Phase I MVP: scaffold + CIFAR-10→CIFAR-100 continual pipeline + smoke tests#2
Conversation
…smoke tests Implements the minimum viable subset of the HAL sleep-wake framework (paper §2.4) on a vision stack for Phase I measurement: - L1 task-batch ring buffer (`hal_sleep_wake/memory.py`) - L2 LoRA adapter on ResNet-18 `Conv2d` + `fc` (`hal_sleep_wake/model.py`) - L3 ResNet-18 backbone — fresh init, no pretrained weights - Wake: SGD over LoRA-only params, every batch pushed into L1 (`wake.py`) - Sleep (NREM): merge LoRA deltas into base weights with a safety `sleep_scale` multiplier, re-init A=Kaiming/B=zeros, wipe optimizer state (`sleep.py`) - Continual metrics: accuracy matrix + average accuracy + forgetting rate per paper §5 (`metrics.py`) - CIFAR-10 → CIFAR-100 dry-run-able entry point (`scripts/train_cifar10_cifar100.py`, `--dry-run` imports no torch) - Eval helper (`scripts/eval.py`) for replaying a run's JSON dump Tests (CPU, no dataset download): - `tests/test_memory.py` — 5 tests - `tests/test_metrics.py` — 7 tests - `tests/test_model.py` — 3 tests (importorskip on torch/peft) - `tests/test_smoke.py` — 5 tests including a dry-run subprocess and an end-to-end sleep-merge roundtrip CI (`.github/workflows/ci.yml`): Python 3.11, CPU-only torch wheel index, runs `ruff check .` + `pytest -q`. Scope boundary: Phase I MVP only.

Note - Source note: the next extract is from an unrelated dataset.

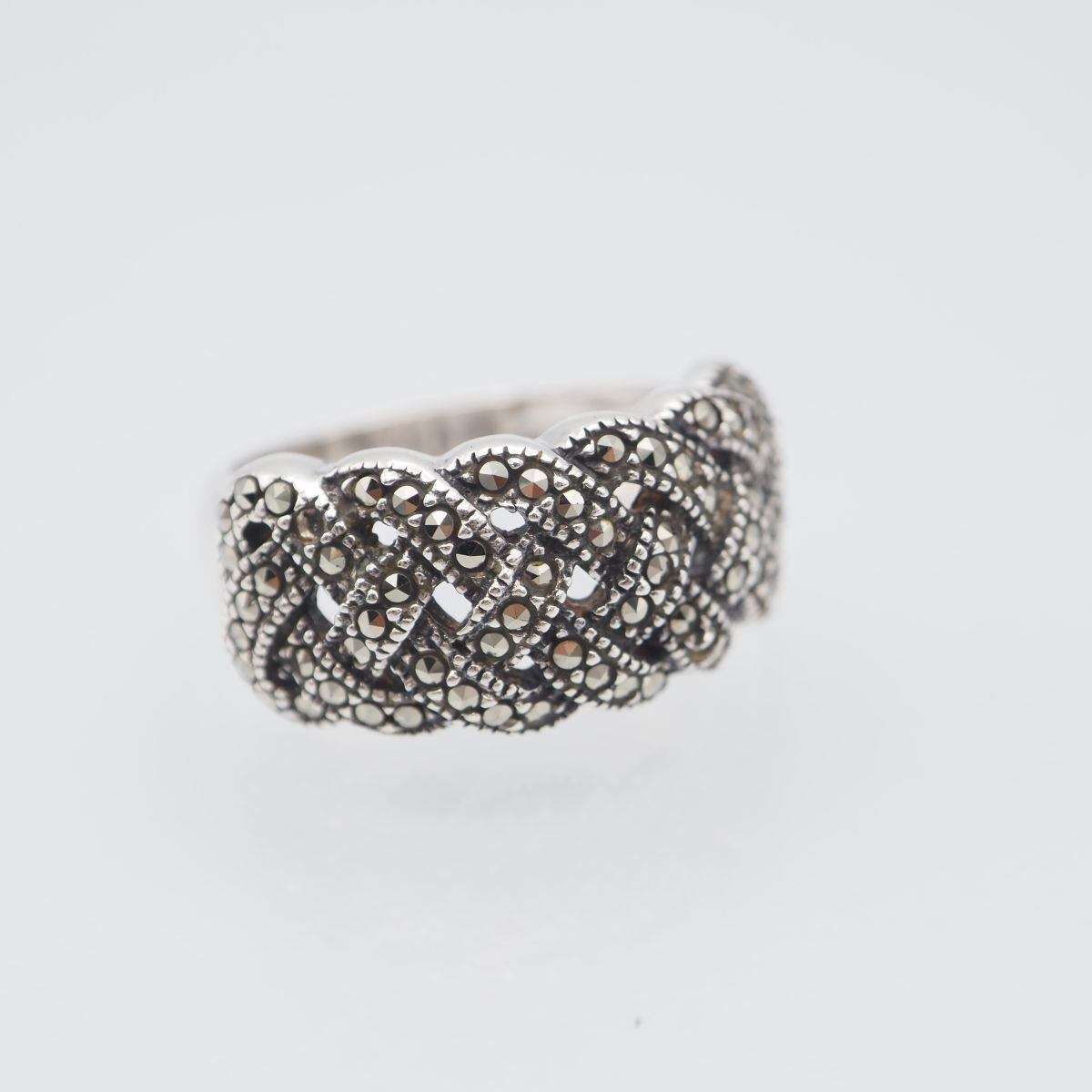 B582 ヴァンドームブティック VB 925刻印 リング マーカサイト マルカジット 編み込み デザイン シルバー 指輪 VENDOME BOUTIQUE 14号

REM synthetic-dream generation and entropy-aware context compression (paper §2.4 lines 85–101) land in follow-up PRs. No GPU run numbers yet — CI has no GPU; measurement PR will fill `results/baseline_vs_hal.md`. Closes part of #1. Co-Authored-By: Zhuge <z@2lab.ai>
There was a problem hiding this comment.
💡 Codex Review
Here are some automated review suggestions for this pull request.
Reviewed commit: 4f2d8db88f
ℹ️ About Codex in GitHub
Your team has set up Codex to review pull requests in this repo. Reviews are triggered when you
- Open a pull request for review
- Mark a draft as ready
- Comment "@codex review".
If Codex has suggestions, it will comment; otherwise it will react with 👍.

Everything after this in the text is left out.